Review: James Macdonald - Elevator Music For Unrequited Lovers
'Elevator Music for Unrequited Lovers' begint als de godzijdank nooit verschenen tweede plaat van Mike Flowers Pops. Knappende trompetjes, zwoele xylofonen, uit de bol gaande dwarsfluiten en een zanger die de beeltenis van Burt Bacharach op zijn ne...
'Elevator Music for Unrequited Lovers' begint als de godzijdank nooit verschenen tweede plaat van Mike Flowers Pops. Knappende trompetjes, zwoele xylofonen, uit de bol gaande dwarsfluiten en een zanger die de beeltenis van Burt Bacharach op zijn netvlies heeft getatoeëerd: we weten niet hoe het met u zit, maar wij krijgen daar zo langzamerhand genoeg van.
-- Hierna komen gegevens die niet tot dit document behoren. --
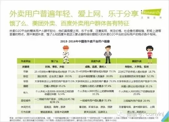 数据显示,外卖O2O平台的整体用户人群呈现年轻化特征,具有爱上网、乐于分享、注重实用、关注价格、社会责任感较强、积极上进等特点。其中,美团外卖、饿了么和百度外卖这三家占据市场份额较大的外卖O2O平台的目标用户特点各不相同。

Twaalf nummers verder bleek echter dat we onze mening over James MacDonald moesten bijstellen. De plaat is weliswaar opgetrokken uit foute instrumenten en arrangementen, maar MacDonald klinkt alsof hij alles zonet zelf heeft uitgevonden en vertolkt zijn liederen immer met de juiste cool en zonder een spoor van ironie. Zelfs het afgrijselijke 'Alone Again' van de zingende poedel Gilbert O'Sullivan klinkt in zijn handen acceptabel.
Verwacht geen tweede Jon Spencer, maar wel één van de beste handelaren in sophisticated pop die u de laatste tijd gehoord hebt. Luister bijvoorbeeld naar 'Fool in Love', dat Dusty Springfield in herinnering roept, of naar 'Complete' en 'Brimful of Tears': puike ballads die Crowded House niet beter had gedaan. 'Blue Jaw' breekt met het stramien door een ferme injectie bluegrass, 'This Song' en 'So Melancholy' haken aan bij The Beatles, en in 'Rather Be with You' croont hij als een jonge Chet Baker - toevallig zowat het enige nummer zonder trompet. Clever bastard!